Ernst potential from Kaluza-Klein reduction of axisymmetric space-time

Question

Following appendix A of "Ergoregions in Magnetised Black Hole Spacetimes" by G. W. Gibbons, A. H. Mujtaba and C. N. Pope, starting from the Lagrangian

$$\mathcal{L} = \hat{R} - \hat{F}_{\mu\nu}\hat{F}^{\mu\nu},$$ metric and field

$$\mathrm{d}\hat{s}^2 = e^{2\phi} \mathrm{d}s^2 + e^{-2\phi}(\mathrm{d}z + 2\mathcal{A})^2,\\ \hat{A} = A + \chi(\mathrm{d}z +2 \mathcal{A}),$$

after Kaluza-Klein reduction, with Killing vector $K\equiv\partial_z$ corresponding to a spatial dimension, we obtain the reduced lagrangian. After using Lagrange multipliers and dualizing the fields, we obtain $$\hat{F} = -e^{2\phi} \star \mathrm{d}\psi + d \chi \wedge (\mathrm{d}z + 2\mathcal{A}),\quad e^{-2\phi} \star F = \mathrm{d} \psi, \quad F \equiv \mathrm{d} A + 2\chi \mathrm{d}\mathcal{A},$$

where the hatted quantities are 4-dimensional, none of the fields depends on $z$ and $\star$ is the Hodge dual with respect to $\mathrm{d}s^2$. At the end, they define the complex Ernst potential by $d \Phi = i_K(\hat{\star}\hat{F} + \mathrm{i} \hat{F})$, $\Phi = \psi + \mathrm{i}\chi$, where $i_K$ is the interior product by $K$. $i_K \hat{F} = -\mathrm{d} \chi$ is easy to derive, but $\mathrm{d}\psi = i_K \hat{\star} \hat{F}$ has proved to be not so easy.
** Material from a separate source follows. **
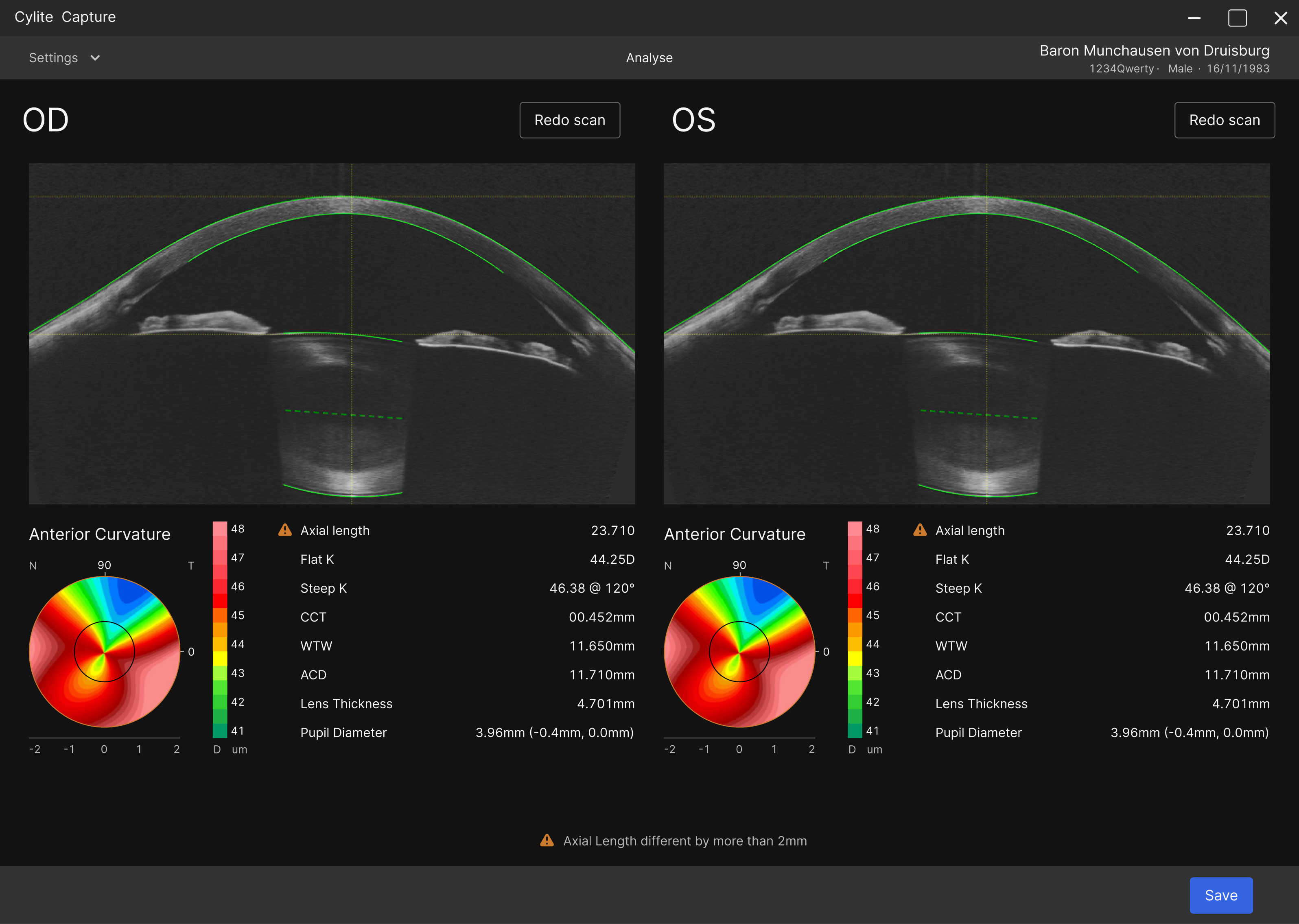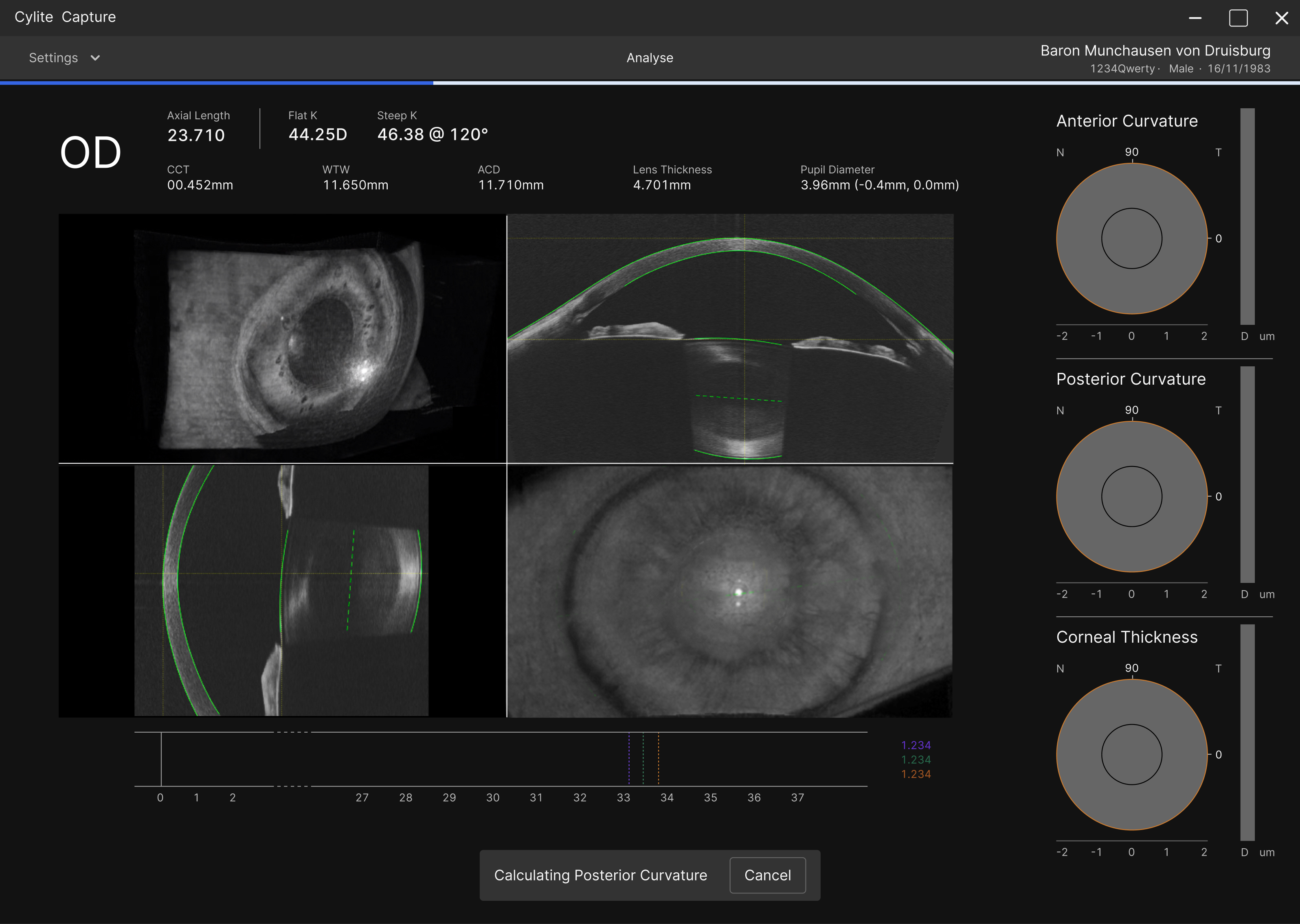 I designed the full software experience including a native Windows application for controlling the scanning device, and a web-based platform for exploring, analysing, and sharing the results. A design pattern language for exams, diagnostics, and admin tasks provided a unified experience across both applications. The platform entered real-world clinical use, with independent optometrists adopting the system internationally. Cylite was subsequently acquired by Alcon, one of the world's leading eyecare companies.
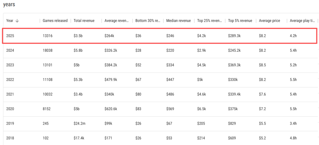 然而,《Soulash》系列开发者 Artur Smiarowski 通过 Gamalytic 数据揭示,今年发布的 1.3 万款新游戏中,竟有 40%(超过 5200 款)游戏收入不足 100 美元,连 Steam 平台 100 美元的上架成本都无法收回。

My question is about this last equation. Considering that $\det \hat{g}_{MN} = e^{4\phi} \det g_{\mu\nu}$, I obtain $$i_K \hat{\star} \hat{F} = - e^{2\phi} \star(F + 2 \mathrm{d} \chi \wedge \mathcal{A}),$$ which is obviously wrong. Could somebody provide some hint about this last equation? It must be easy to derive, but I cannot see the way at the moment.

Answer 1

We have $i_K\hat{\star}d \psi = \star d\psi$. Indeed, $$i_K \hat{\star} d \psi = (d \psi)^a \hat{\epsilon}_{abcd} K^b = (d\psi)_e \hat{g}^{ea} e^{2\phi} \epsilon_{acd} = (d\psi)_e g^{ea} \epsilon_{acd} = \star d \psi,$$ since $\hat{\epsilon}_{abcd} K^b = \hat{e}^0\wedge \hat{e}^1 \wedge \hat{e}^2 \wedge i_K\hat{e}^z = e^{2\phi} e^0\wedge e^1 \wedge e^2 = e^{2\phi}\epsilon_{acd}$. Also, the identity $$i_K \hat{\star} d\psi = \hat{\star} (d\psi\wedge K)$$ holds, and if we use it in the definition of $\hat{F}$, we obtain $\hat{F} = e^{2\phi}[- \hat{\star}(d \psi\wedge K) + d \chi\wedge K]$, from which the equation $i_K\hat{\star}\hat{F} = - d\psi$ follows. We observe that there is a sign error in the article. Actually, the definition of $\Phi$ is wrong, but this only becomes apparent if one attempts to relate it to the Ernst potentials.